Patients without previously defined arthritis were classified as pCHIK musculoskeletal disorders (pCHIK-MSD) that were either loco-regional or diffuse (if > 4 painful areas). For patients with arthritis, we separated crystalline and non-crystalline rheumatic disorders. Crystalline arthritis was defined as a convincing clinical presentation associated with hyperuricemia that improved after gout treatment. Patients presenting non-crystalline polyarthritis were classified as chronic inflammatory rheumatism (CIR). CIRs were categorized into 3 groups (Table 1) [37,38]. Patients who had not previously displayed rheumatic symptoms and developed CIR immediately after CHIK were classified as de novo pCHIK-CIR.
We measured the median period from acute CHIK to the first rheumatology consultation for the pCHIK-CIR and pCHIK-MSD patient groups. The severity of all CHIK-RMSDs was evaluated based on the level of joint destruction or deformation (chondrolysis, joint space reduction, juxta-articular osteopenia, subluxation, bony erosion or destruction, sacroiliitis) detected in the imaging tests, and based on the need for an internal or external orthopaedic brace. The functional burden was estimated based on a history of being unable to work or requiring adjustment, self-estimated significant reduction of daily activities (as a percentage of reduction)  and initiation of psychological follow-up or antidepressant medical treatment since 2006 due to CHIK.
For each patient, we recorded the therapeutic strategy, including corticotherapy, and the outcome after complete drug withdrawal (the type of response at 3 and 6 months following therapeutic interruption). Rheumatologists treated pCHIK-CIR patients with MTX at the recommended dosage and routes of administration based upon the 2008 ACR Recommendations for Rheumatoid Arthritis Treatments  and French national guidelines [35,36]. We defined a positive response to MTX if there was no further need for a drug switch or escalation (treatment in association with other DMARDs). Recovery after MTX was defined as the absence of relapse more than 6 months after MTX withdrawal. We documented the DMARDs that were received by patients other than MTX, including hydroxychloroquine and immune-modulating biologic agents. Descriptive results were expressed as the median value and the distribution or the number (percentage) of patients according to the category of the variable (quantitative or qualitative).

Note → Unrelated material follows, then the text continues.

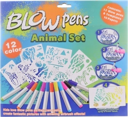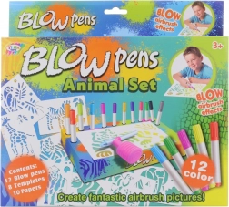 Mit diesem großen Blasstifte-Set erstellen Kinder mühelos originelle Bilder mit Safari-Tieren. Dank des Aufsatzes mit Pumpe ist kein starker Atem nötig – die Farbe wird in einem feinen Strom aufgetragen und erzeugt beeindruckende Verläufe und Schattierungen. Der praktische Ständer mit Halterung sorgt für Ordnung und Übersicht.

A total of 159 patients with persistent pCHIK-RMSD were included in this study. The population was predominantly female (75%) and the median age was 51 years-old, ranging from 16 to 80 years-old. Repartition of pCHIK-RMSD is detailed in Fig. 1. Demographic characteristics and comorbidities are presented in Table 2, according to the patients’ CHIK-RMSD categories. There was no significant difference between these groups. In the entire cohort, 66% of patients reported a prolonged acute CHIK infection (fever> 10 days or symptoms> 3 weeks). The median time elapsed between CHIK infection and the first consultation with a rheumatologist was 2 years (median delay: 15.0 months for the MSD-group and 38.5 months for the CIR group) (Fig. 2); 80% of patients with pCHIK-MSD were referred within the first two years, whereas patients with pCHIK-CIR were regularly referred throughout the 6-year period, independent of the type of CIR.
All patients received painkillers as a first-line treatment, and 20% received vitamin D supplementation. The treatment history and medical features according to the different pCHIK-RMSD are summarized in Tables 3 and 4.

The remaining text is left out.